Data below >>
——

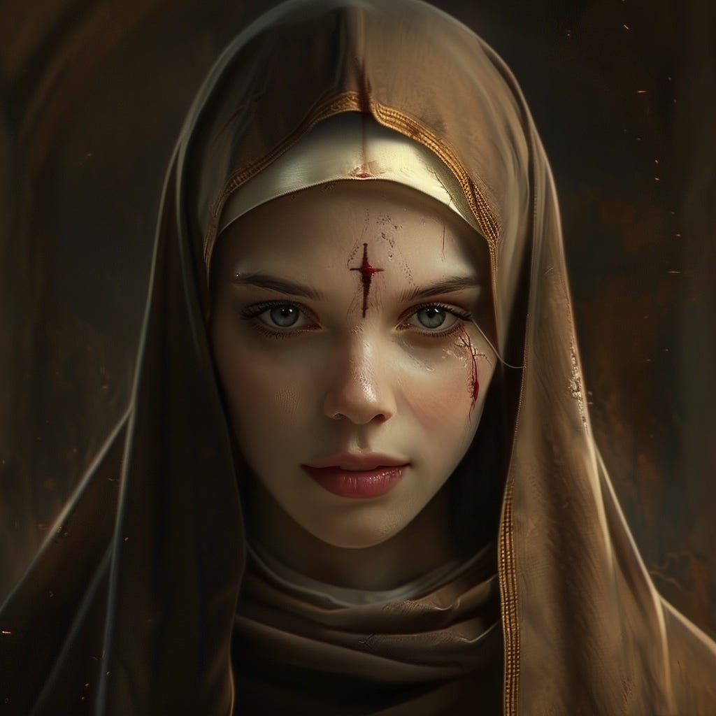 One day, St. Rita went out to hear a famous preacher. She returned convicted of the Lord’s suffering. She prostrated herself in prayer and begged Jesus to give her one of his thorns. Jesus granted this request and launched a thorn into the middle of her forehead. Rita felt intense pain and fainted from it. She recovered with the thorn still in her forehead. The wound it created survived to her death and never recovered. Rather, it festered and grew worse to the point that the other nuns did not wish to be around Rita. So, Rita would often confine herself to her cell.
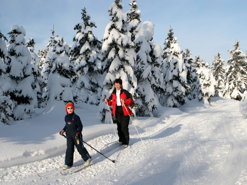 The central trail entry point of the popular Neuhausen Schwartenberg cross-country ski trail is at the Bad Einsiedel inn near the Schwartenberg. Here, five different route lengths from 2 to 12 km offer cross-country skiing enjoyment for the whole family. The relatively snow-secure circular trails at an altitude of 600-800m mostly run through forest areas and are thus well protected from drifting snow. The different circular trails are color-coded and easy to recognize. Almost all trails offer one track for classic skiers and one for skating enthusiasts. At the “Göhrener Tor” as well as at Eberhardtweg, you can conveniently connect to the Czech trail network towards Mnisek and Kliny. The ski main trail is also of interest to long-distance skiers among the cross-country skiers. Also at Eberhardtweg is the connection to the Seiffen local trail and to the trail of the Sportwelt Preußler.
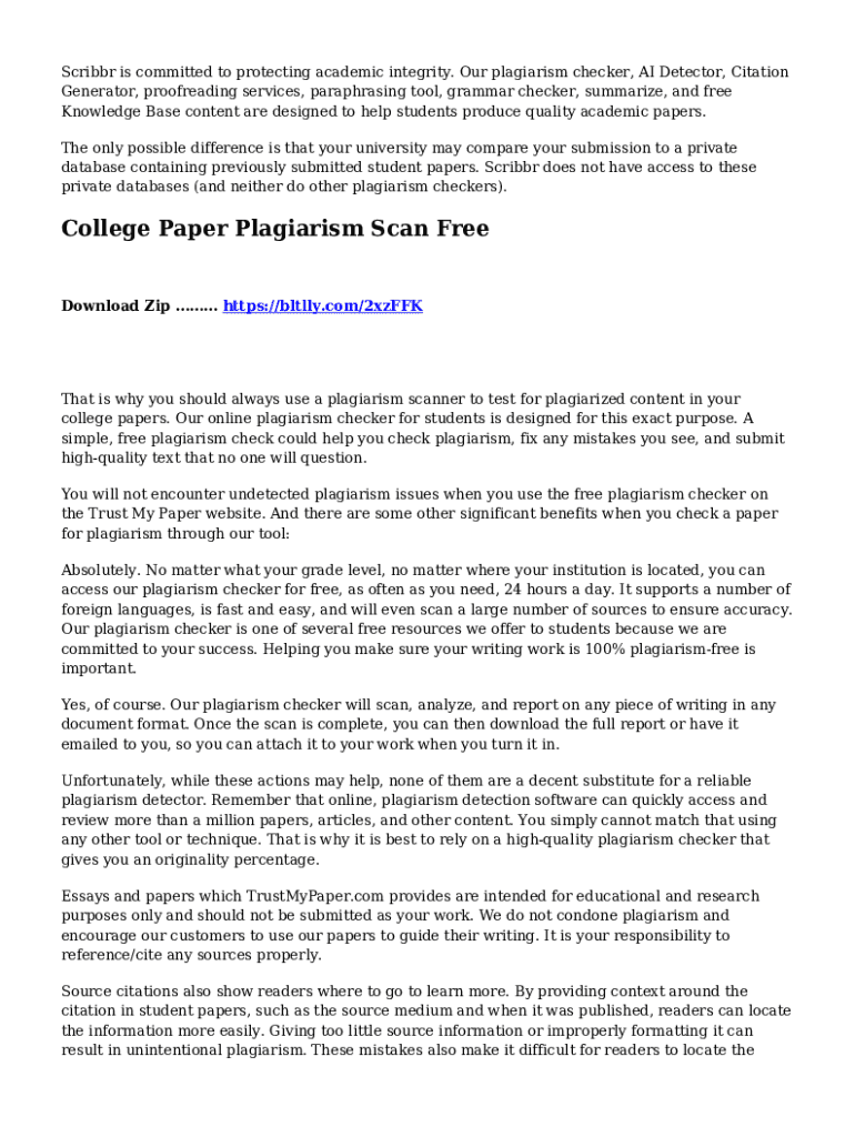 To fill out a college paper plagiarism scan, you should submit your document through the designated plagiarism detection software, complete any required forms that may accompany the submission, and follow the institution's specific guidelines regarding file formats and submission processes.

——

The listing above should be transcribed word for word, with its pictures left out.

 One day, St. Rita went out to hear a famous preacher. She returned convicted of the Lord’s suffering. She prostrated herself in prayer and begged Jesus to give her one of his thorns. Jesus granted this request and launched a thorn into the middle of her forehead. Rita felt intense pain and fainted from it. She recovered with the thorn still in her forehead. The wound it created survived to her death and never recovered. Rather, it festered and grew worse to the point that the other nuns did not wish to be around Rita. So, Rita would often confine herself to her cell.
 The central trail entry point of the popular Neuhausen Schwartenberg cross-country ski trail is at the Bad Einsiedel inn near the Schwartenberg. Here, five different route lengths from 2 to 12 km offer cross-country skiing enjoyment for the whole family. The relatively snow-secure circular trails at an altitude of 600-800m mostly run through forest areas and are thus well protected from drifting snow. The different circular trails are color-coded and easy to recognize. Almost all trails offer one track for classic skiers and one for skating enthusiasts. At the “Göhrener Tor” as well as at Eberhardtweg, you can conveniently connect to the Czech trail network towards Mnisek and Kliny. The ski main trail is also of interest to long-distance skiers among the cross-country skiers. Also at Eberhardtweg is the connection to the Seiffen local trail and to the trail of the Sportwelt Preußler.
 To fill out a college paper plagiarism scan, you should submit your document through the designated plagiarism detection software, complete any required forms that may accompany the submission, and follow the institution's specific guidelines regarding file formats and submission processes.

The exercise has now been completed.